Reusing DotEnv Configuration with the Shell
A common security pattern is to add environment-specific configuration and secrets into a local, unversioned file. You’re probably already doing this with a tool called DotEnv. Let’s see how we can reuse that between PHP and the shell.
If you’re using Laravel, or any other recent framework or PHP project, you’re probably familiar with the DotEnv project. If you’ve ever copied a .env.example
file to .env
then you are!
Basically, we can use the .env
file to specify local environment variables for our PHP script - as long as DotEnv is loaded and being initialized.
Sometimes it’s necessary to use those same variables with other tooling - like local shell scripts. Luckily, this is very easy!
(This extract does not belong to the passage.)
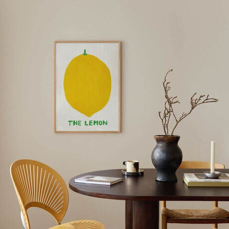 Раскрашенный вручную мотив с изображением желтого лимона на бежевом фоне. Имя написано ниже зеленым цветом. Мотив является частью коллекции «Ателье № 03», созданной нашими штатными дизайнерами для Postery Atelier.

Here’s the situation. At the root of our project, we have our .env
file with a URL variable. Then, we have a bin/ping
script that will ping our project via that URL. We don’t want to have to specify it twice. Let’s see how this works.
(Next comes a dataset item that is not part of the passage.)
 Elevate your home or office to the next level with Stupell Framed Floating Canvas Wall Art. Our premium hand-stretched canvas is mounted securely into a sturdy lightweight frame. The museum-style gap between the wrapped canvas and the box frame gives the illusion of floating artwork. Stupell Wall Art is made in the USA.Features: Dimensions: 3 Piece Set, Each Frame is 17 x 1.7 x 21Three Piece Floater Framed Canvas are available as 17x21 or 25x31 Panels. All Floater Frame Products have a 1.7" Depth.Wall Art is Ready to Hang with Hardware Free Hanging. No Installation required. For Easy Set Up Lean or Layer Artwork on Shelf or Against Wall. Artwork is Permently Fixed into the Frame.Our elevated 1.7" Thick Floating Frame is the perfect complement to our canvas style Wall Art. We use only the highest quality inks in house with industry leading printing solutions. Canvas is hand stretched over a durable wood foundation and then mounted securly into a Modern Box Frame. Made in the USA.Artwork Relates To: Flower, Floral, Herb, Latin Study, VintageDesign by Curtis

APP_URL=https://my-website.local
#!/usr/bin/env bash
source "`dirname $0`/../.env"
ping $APP_URL
Now, your environment variables are available to the script as well. When you call the dirname
command, you get the current directory of the running script. Since we know where it’s located, and where our .env
file is, we can then use that
to source it. This then makes all of the variables available in the current environment.